Платье само поползло с ее плеч, обнажив тугие груди. Она стала медленно подниматься со стула, одновременно протягивая руки к мужу, словно приглашая его в объятья. А материя все сползала и сползала вниз, открывая мужскому взгляду живот и бедра. Верещагин закричал так страшно, что Зоя вздрогнула и сделала шаг вперед, чтобы удержать взбесившегося мужа. Анатолий не дал ей этого шанса. Он отпрыгнул назад, споткнулся, упал, вновь подхватился на ноги и ринулся прочь от нежных ласк той, что уже дважды стала покойницей. Верещагин хотел выскочить на крыльцо, но дверь оказалась заперта, и он в отчаянии стал колотить в нее кулаками. Ключ был где-то рядом, но Анатолий никак не мог его обнаружить, а потому и бился в истерике, пока не услышал спокойный голос жены.

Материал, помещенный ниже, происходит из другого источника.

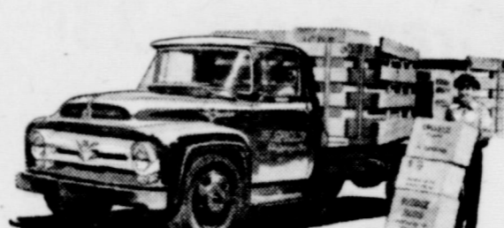
The hardest-working, biggest-saving "two-tonner" of them all is the Ford F-600. Only Ford offers a Short Stroke Six and three Short Stroke V-8's in this field. Max. GVW is 19,500 lb.
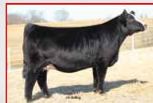
SC Robins Kiss D27, Dam
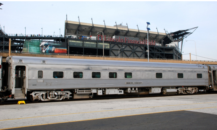
Above: The Liberty Limited 2010 is parked in Greenwich Yard adjacent to Lincoln Financial Field, site of the 111th annual Army-Navy football game.
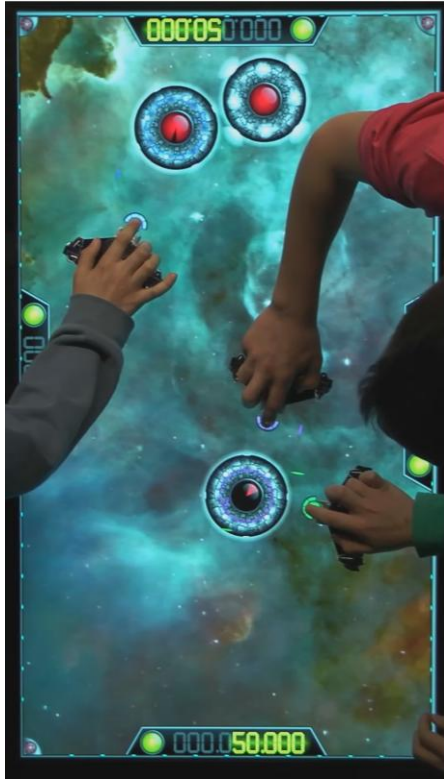
Figure 1: Children playing the game. Players have the task to collaboratively defend the earth against alien invaders. They can either attack on their own (player to the left) or work together (players to the right) to be more efficient, thus collaboration is only encouraged and not enforced.

manifestations, which are referred to as "autism spectrum disorders" (ASD). Children with ASD have impairments in social interaction and communicative skills and show stereotyped or repetitive behavior [1]. ASD can be recognized at all levels of intelligence. ASD's are not curable. Intervention strategies focus on decreasing symptoms by improving everyday interactions. In behavioral therapy, positive reinforcement is used in order to train desired behaviors. An easy way to provide this reinforcement is through so called "therapeutic games" or "health games". The effectiveness of such games can be improved by hybrid technology. Games based on such technology are often referred to as "hybrid games", which have the means to blend together digital and analog advantages [9], such as haptic and social elements of analog games and audiovisual possibilities of digital games. This combination of analog and digital advantages can now be used for therapeutic games for children with ASD. Recent studies [4, 6, 12] prove the potential of using hybrid interactive surfaces [7] for therapy games to help in treating HFA and AS. There is reason to assume that players are motivated and feel secure in the digital setting [12]. At the same time, the form factor allows face-to-face communication between the players thereby fostering real-life social interaction. Children with ASD might "benefit from the social computing experience provided by tabletop technology" [12].
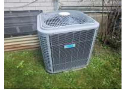
Pic. 3: AC unit 2015
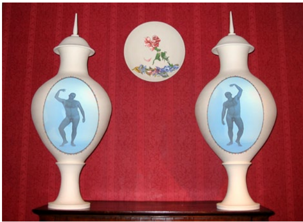
The Communicating Vessels (Detail). 2008. Video installation. CIRCA Gallery, Montreal. Pair of porcelain vases (99 x 40 cm.), earthenware dish (36 cm/dia.), antique Empire style secretary, wallpaper, ancient carpet, electric and electronic equipment and multiple video projections.

and for his own representation in the video work, in which he figures as the main character. While likenesses may vary, both the vases and the video are self-portraits.
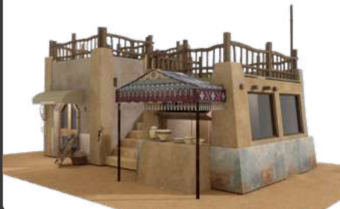
■ No. 011 ■ Area: 52m 2
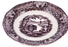
Title: Plate Date: c. 1840 Primary Maker: Podmore, Walker & Company Medium: pearlstone with black transfer print
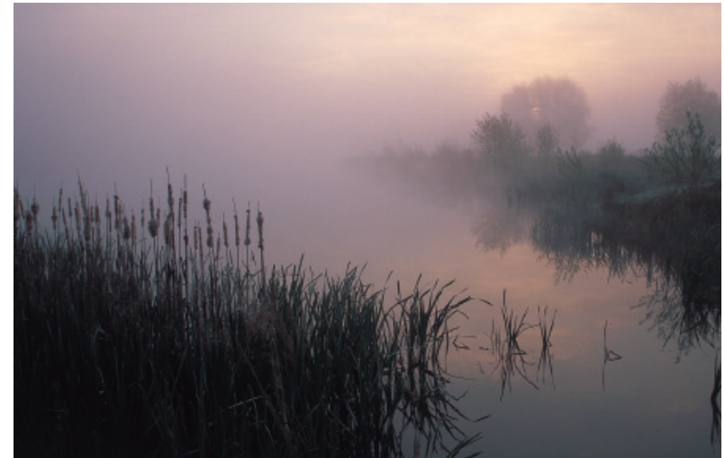
Shrouded in mist
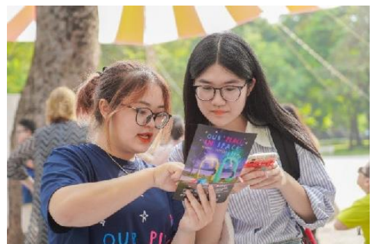
Audience at Our Place in Space public event, a collaboration by Ha Noi–based Think Playgrounds and Nerve Centre from Northern Ireland, supported by the UK/Viet Nam Season

– Да будет тебе, Анатолий, ты не захотел познать меня живой, значит, тебе придется спать с мертвой. Так решил он, наш Хозяин, и нам с тобой остается только одно – подчиниться его воле. Я буду ждать тебя в спальне, дорогой, на нашем семейном ложе.
Верещагин услышал, как заскрипели ступеньки под ее ногами и в ужасе оглянулся. Обнаженная Зоя поднималась по лестнице, а из ее спины торчала рукоять кухонного ножа, которым Анатолий пытался разрешить все свои проблемы. Кровь не текла из нанесенной им раны, что являлось еще одним подтверждением нереальности всего происходящего. Незадачливый убийца вновь вернулся в гостиную и залпом допил остатки водки из бутылки. Увы, надежное средство от всех печалей в этот раз не помогло. Верещагина била нервная дрожь и он с большим трудом набрал номер нужного телефона:
– Приезжай, если сможешь, Аркадий. Она здесь.
– Кто она? – послышался из мобильника взволнованный голос Завадского.
– Зоя, – прохрипел Верещагин. – Ведьма пришла за моей душой.
Ключ от входной двери Анатолий обнаружил в левом кармане брюк. Сил на то, чтобы открыть ее и распахнуть ворота усадьбы у него хватило, но их недостало, чтобы спуститься с крыльца. Верещагин с трудом добрался до гостиной и ничком рухнул на диван. Заснуть он не смог, оставалось только лежать и стучать зубами от страха, волнами накатывающего на беззащитное тело.
Завадский приехал через полтора часа вместе с озабоченным Смагиным. Зрелище, открывшееся их глазам, было воистину ужасным. В первую минуту Аркадий даже не узнал своего старого друга. Перед ним предстал слизняк, утративший всякое представление о мужском достоинстве. А ведь ничего не происходило! Абсолютно ничего, что заставило бы здравомыслящего человека потерять разум. Если, конечно, не считать пустой бутылки, сиротливо стоящей на столе.
– Она там, – прошептал Верещагин подрагивающими губами. – Наверху. В спальне. С ножом в спине. Я убил ее во второй раз.